= Entries provided =
================

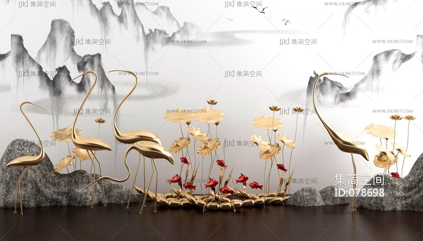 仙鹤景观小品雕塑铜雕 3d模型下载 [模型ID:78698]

================

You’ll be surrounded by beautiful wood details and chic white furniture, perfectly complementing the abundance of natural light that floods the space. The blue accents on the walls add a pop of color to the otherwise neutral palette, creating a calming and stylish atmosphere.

================

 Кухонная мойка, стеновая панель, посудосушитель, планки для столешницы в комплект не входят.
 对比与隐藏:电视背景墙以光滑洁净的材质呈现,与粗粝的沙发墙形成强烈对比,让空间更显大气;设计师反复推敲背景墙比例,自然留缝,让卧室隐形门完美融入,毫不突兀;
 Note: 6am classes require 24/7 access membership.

================

= Brief =
Give back exactly the lines above starting at the line where "Кухонная мойка, стеновая" appears and ending at the line where "Note: 6am classes" appears, both included, with no other lines.

= Answer to the exercise =
 Кухонная мойка, стеновая панель, посудосушитель, планки для столешницы в комплект не входят.
 对比与隐藏:电视背景墙以光滑洁净的材质呈现,与粗粝的沙发墙形成强烈对比,让空间更显大气;设计师反复推敲背景墙比例,自然留缝,让卧室隐形门完美融入,毫不突兀;
 Note: 6am classes require 24/7 access membership.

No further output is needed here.